お礼に食事でも、とメッセージを送るのは簡単だった。
それが言葉ほど簡単なことではなかったと煉獄が思い知ったのはたった今だ。どの店を選べばいいのか全くわからない。
約束はあっけない程スムーズにできた。明日午後六時に駅で。その返信が嬉しくて、自室のベッドの上で過呼吸になるんじゃないかというくらい興奮した。
メッセージのやりとりは実に簡素なもので、煉獄の質問にその人——宇髄というそうだ——は、ごく短い返信をしてくる。本当は乗り気ではないのかもしれないし、忙しいのかもしれない。けれど短いレスはそう長い時間も空けずに返ってきていたし、やりとり自体はその日のうちに何往復もしていた。

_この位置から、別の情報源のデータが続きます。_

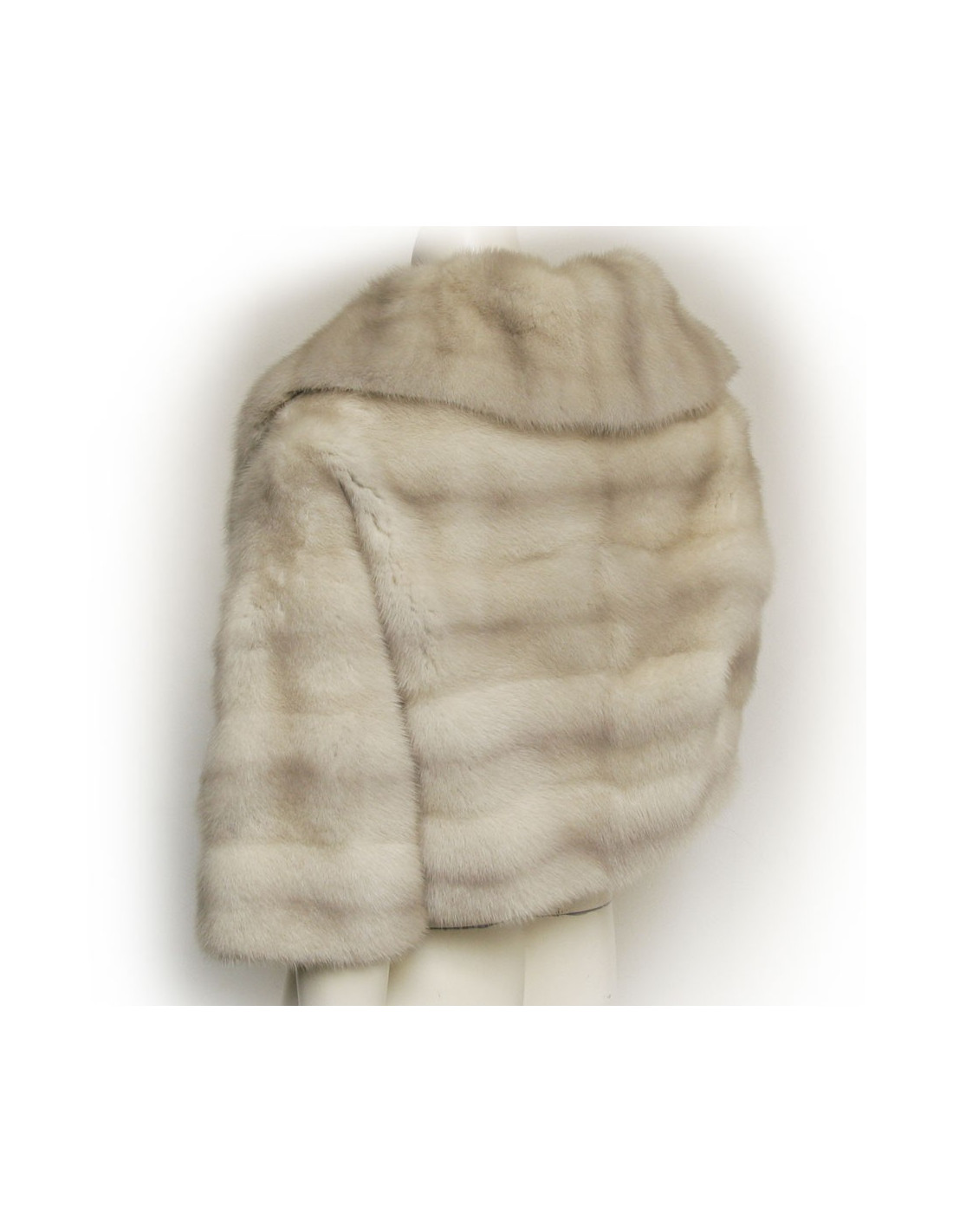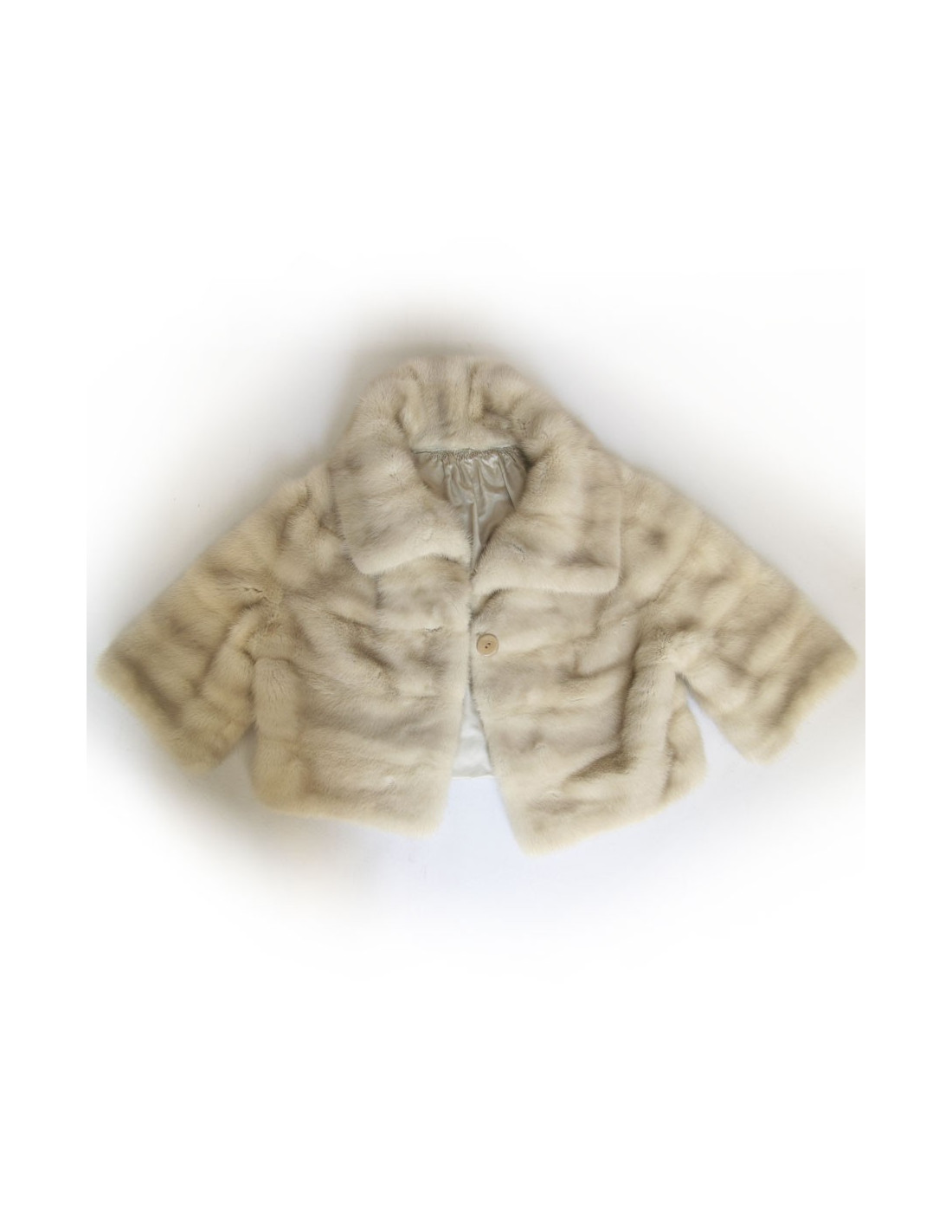 Magnifique veste en vison de couleur écru dégradé de gris, Ch. Salganick, Monte Carlo. Taille 38. Pas d'étiquette de taille. Doublure en soie. Fermeture 1 bouton nacré. 1 poche intérieure. En très bon état.
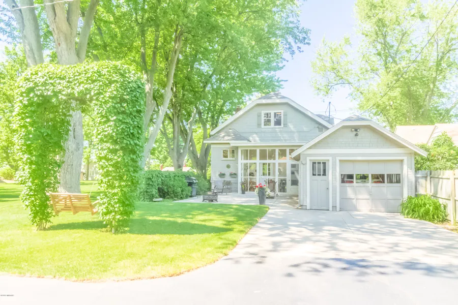 Don't judge a book by its cover. This Early 1900's home on a double lot is completely remodeled in a contemporary styling and features amazing views of Lake Macatawa without paying the price! The entire main floor of this home features solid oak flooring throughout. The updated white-cabinet kitchen has quartz countertops, stainless steel appliances, large garden windows, and a casual flow into the dining/ living room, which has a contemporary stoned fireplace and great views of Lake Macatawa. The main floor master bedroom has a spacious walk-in closet and off-suite bath and additional bedroom. Upstairs you will find two large bedrooms, one with a walk-in closet along with a full bathroom. The large yard is maintained and landscaped beautifully with many perennials and a storage shed!

『もう「友達」だから、あまりかしこまらなくていいよ』
宇髄からそんなメッセージが届いても、どう見ても年上の宇髄相手に緊張せずにタメ口など無理だと煉獄は思う。
『でもおれの方が年下なので』
『フランクに接してもらう方が俺は嬉しいな』
『宇髄さんがそう言うなら頑張ります』
——と、送信してから、慌てて『頑張る!』と追送した。
『いっそ、さん付けもやめた方が早く慣れそうだね』
無慈悲なレスに煉獄は思わず天を仰ぐ。きっと明日顔を合わせても同じ要求があるだろう。あの顔を見ながら当たり前みたいに馴れ馴れしく話すなんて、とんでもなく難易度が高そうだ。
それだけではない。
煉獄はまだ宇髄の食事の好みも知らないし、普段どんな店へ行くのかもわからない。もちろんメッセージをやりとりする流れで聞いてもいいはずだと思うのに、踏み込み過ぎかもしれないとか迷惑かもしれないと突然躊躇ってしまう。そのくせ、少しほとぼりが冷めたら、住んでいる場所や年齢も知りたいなどとまた気になり始める始末。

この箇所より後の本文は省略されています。